WORK TO COMPLETE: In your copy, leave out the pictures and output only the lines from the one holding "На помощь пожарной" through the end of the data below, exactly.

# # #

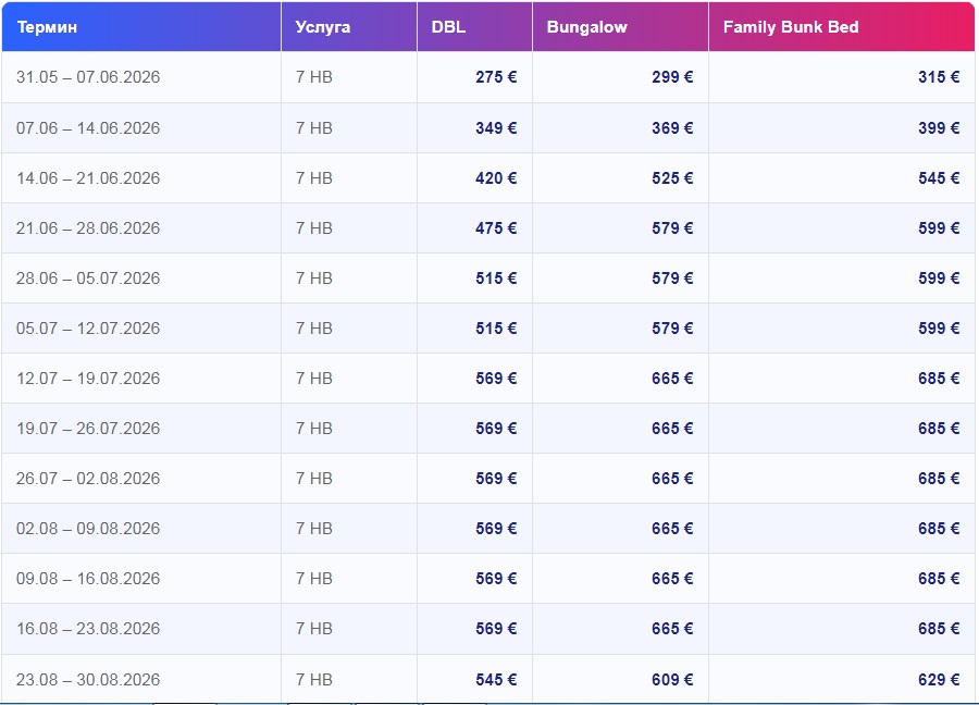 - Bungalow: брачен лежај или две одвоени легла и кревет на спрат или едно дополнително легло. Максимум сместување: 2 возрасни + 2 деца (0–11,99 г.) или 3 возрасни.
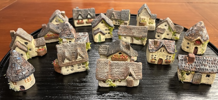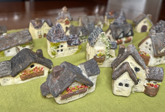 ミニチュアハウス 手の中でこちゃこちゃ作った小さな家が気がつけばこんなに増えました。基本的には実用的なものを作りたいけれど、一見無駄と思える小物達に癒されるんだなぁ。 投稿ナビゲーション 2025年陶芸展
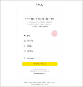 Daum과 Kakao가 합병하면서 이제는 메일 주소를 만들려면 kakao 아이디가 필요합니다. 예전에는 회원가입만 하면 되었지만, 현재는 카카오로 로그인을 먼저 요구하고 있습니다. 다행히 우리나라 대부분 사람들은 카톡을 이용하고 있기에 어렵지 않을거라고 생각합니다.
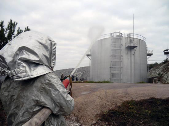 На помощь пожарной команде нефтебазы, которые приступили к тушению пожара приехали спасатели МЧС. Пожарные начали эвакуировать рабочих из опасной зоны. На втором этапе учений прибыли дополнительные силы. Чтобы подойти ближе к очагу пожара спасатели работали в специальных теплоотражательных костюмах, которые защищают от высокой температуры.
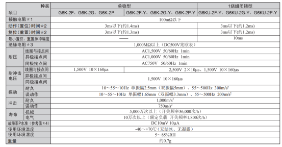歐姆龍信號繼電器G6K系列的性能:
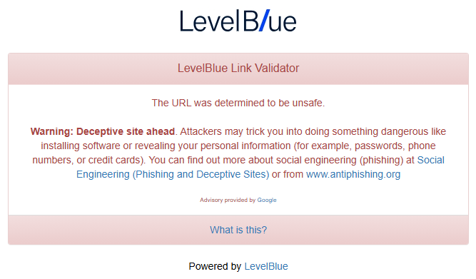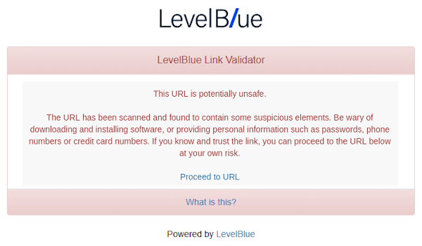 In some cases the scan notes a page as suspicious, but with lower confidence. In these cases the validator page presents a warning, but allows click-through to the original site.

# # #

PROBLEM SOLUTION:
 На помощь пожарной команде нефтебазы, которые приступили к тушению пожара приехали спасатели МЧС. Пожарные начали эвакуировать рабочих из опасной зоны. На втором этапе учений прибыли дополнительные силы. Чтобы подойти ближе к очагу пожара спасатели работали в специальных теплоотражательных костюмах, которые защищают от высокой температуры.
歐姆龍信號繼電器G6K系列的性能:
 In some cases the scan notes a page as suspicious, but with lower confidence. In these cases the validator page presents a warning, but allows click-through to the original site.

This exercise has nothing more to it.